The U.S. nuclear force was designed over a decade ago to deter primarily Russia, not both Russia and China. While the U.S. is modernizing its nuclear capabilities, it’s not to the scale we will need to deter this growing threat.

The Pentagon’s announcement means that China has built enough missile silos or mobile launch platforms to exceed the 450 missile silos the U.S. has in the Midwest.

The Pentagon clarified that China has not yet filled all of the missile launchers with the long-range missiles themselves, but now that the launchers are complete, that will be the logical next step.

As the former commander of U.S. Indo-Pacific Command, Adm. Harry Harris, testified before Congress just this week, China’s “dream of national rejuvenation by 2049 … will be enhanced by their nuclear capability.”

In addition to this massive expansion of its ICBM force, China is cranking out nuclear warheads; has completed a nuclear triad of land, air, and sea nuclear capabilities with the deployment of a strategic bomber; and is improving its arsenal of regional nuclear missiles that can reach the U.S. island of Guam.

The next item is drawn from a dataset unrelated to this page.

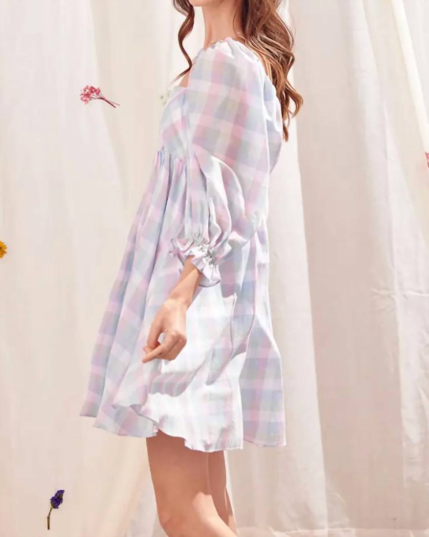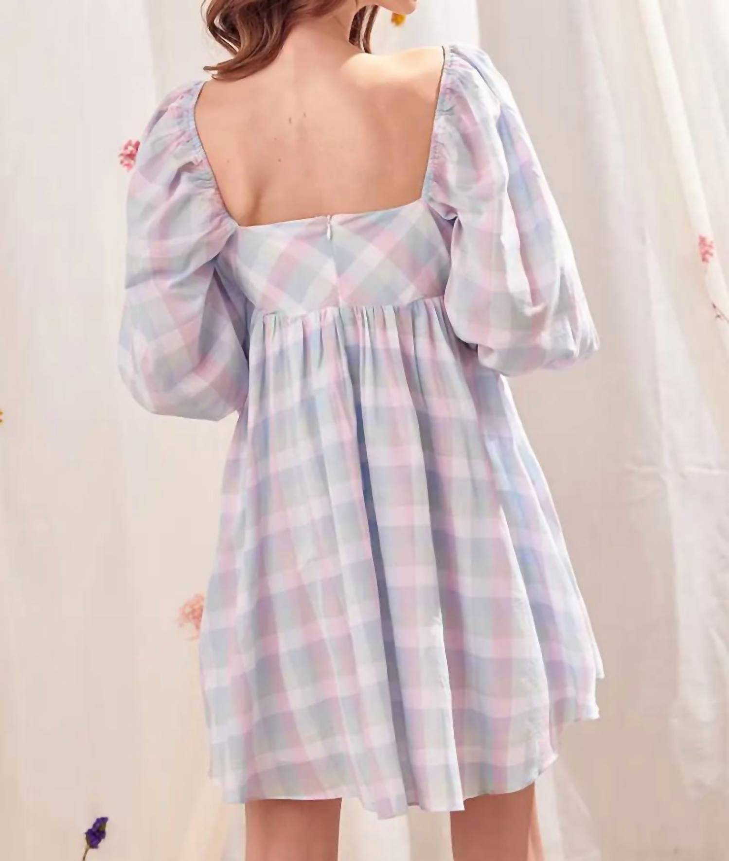 Короткое и воздушное платье для теплых дней. Разноцветное клетчатое мини-платье в стиле бэби-долл. На груди видны вытачки спереди. Также на нем видны рукава-фонарики 3/4 с оборками на манжетах, квадратный вырез спереди и сзади и потайная молния сзади.
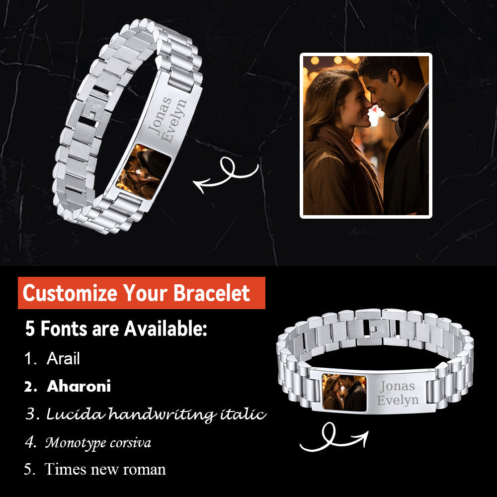 The custom Bar Watch Strap Chain Bracelet with picture is cut and crafted from premium stainless steel, double-push deployment button, comfortable to wear. The strap bracelet craftsmanship is polished. Give the gift of handsome style with a striking design to the favorite man in your life.

It has also tested technologies previously unknown to Russian and U.S. arsenals like a fractional orbital bombardment system, which can circle the globe before releasing a nuclear missile on a hypersonic trajectory.

For these reasons, the former commander of U.S. Strategic Command, Adm. Charles Richard, stated, “As I assess our level of deterrence against China, the ship is slowly sinking.”

Given the speed of China’s nuclear buildup, he is probably right. Public imagery in summer 2021 first revealed that China was building over 300 new missile launchers. Given that China already had around 300 missile launchers in its arsenal, it must be well underway with this new construction to have surpassed the 450 launchers in the U.S.

If China has moved this quickly in such a short timeframe, the U.S. should prepare for an even greater expansion in the years to come. The Pentagon had recently predicted that China would be able to deploy as many warheads as the U.S. does by 2035. It wouldn’t come as a surprise if China moves that timeline up.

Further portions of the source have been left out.